The effect of electric field on the thermal emission of electrons from the ${\mathrm{Ti}}^{3+}$/${\mathrm{Ti}}^{4+}$ deep donor level in InP has been investigated. Double-correlation deep-level transient spectroscopy as well as differential-isothermal-capacitance transient measurements have been carried out on low-pressure–metalorganic-chemical-vapor-deposition-grown InP:Ti samples. It is found that the emission rates are strongly field dependent increasing by up to a factor of 17 corresponding to an increase of the field by a factor of 3.5 in the measured temperature range of 260 to 340 K. The experimental data are well fitted with a Poole-Frenkel model employing a three-dimensional square-well potential associated with the ${\mathrm{Ti}}^{3+}$/${\mathrm{Ti}}^{4+}$ level with a radius r=4.6 nm. The fit of this model to the experimental data yields variations in the activation energy, ΔE=0.48±0.02 eV to 0.57±0.02 eV, depending upon the actual field strength. An extrapolated zero-field ΔE(0)=${\mathit{E}}_{\mathit{C}}$-${\mathit{E}}_{\mathit{T}}$=0.59±0.02 eV is found.
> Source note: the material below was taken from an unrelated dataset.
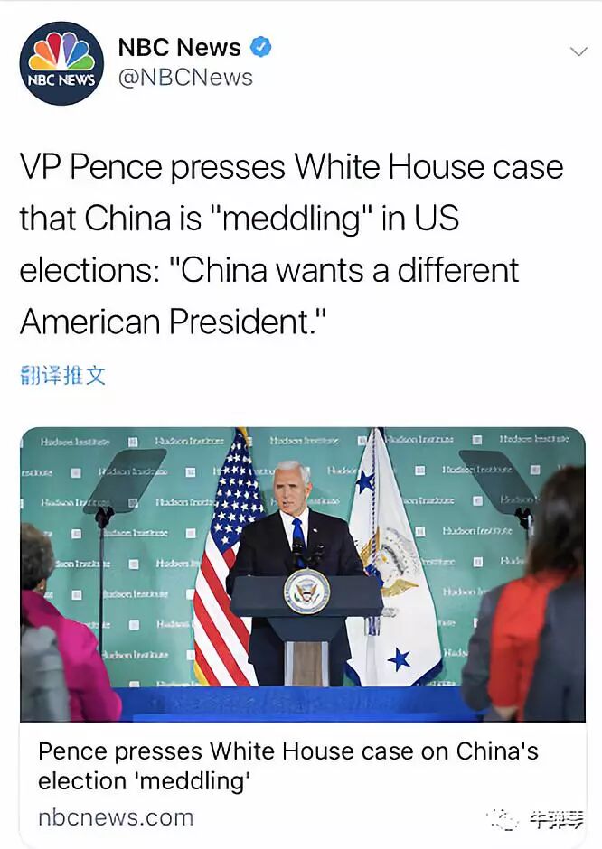 副总统彭斯说中国正在干涉美国选举

The electron-capture cross section is determined to be ≊(6.6±0.3)×${10}^{\mathrm{-}13}$ ${\mathrm{cm}}^2$. Thus, the controversy about the previously reported variations in ΔE values is resolved. A comparison of ΔE(0) with the ${\mathrm{Ti}}^{3+}$/${\mathrm{Ti}}^{4+}$ energy position in GaAs and ${\mathrm{In}}_{0.53}$ ${\mathrm{Ga}}_{0.47}$As shows that the energies are within 20 meV horizontally across the heterojunction, confirming a prediction of the ‘‘internal-reference’’ rule for the energy position of transition-metal levels in isoelectronic semiconductors.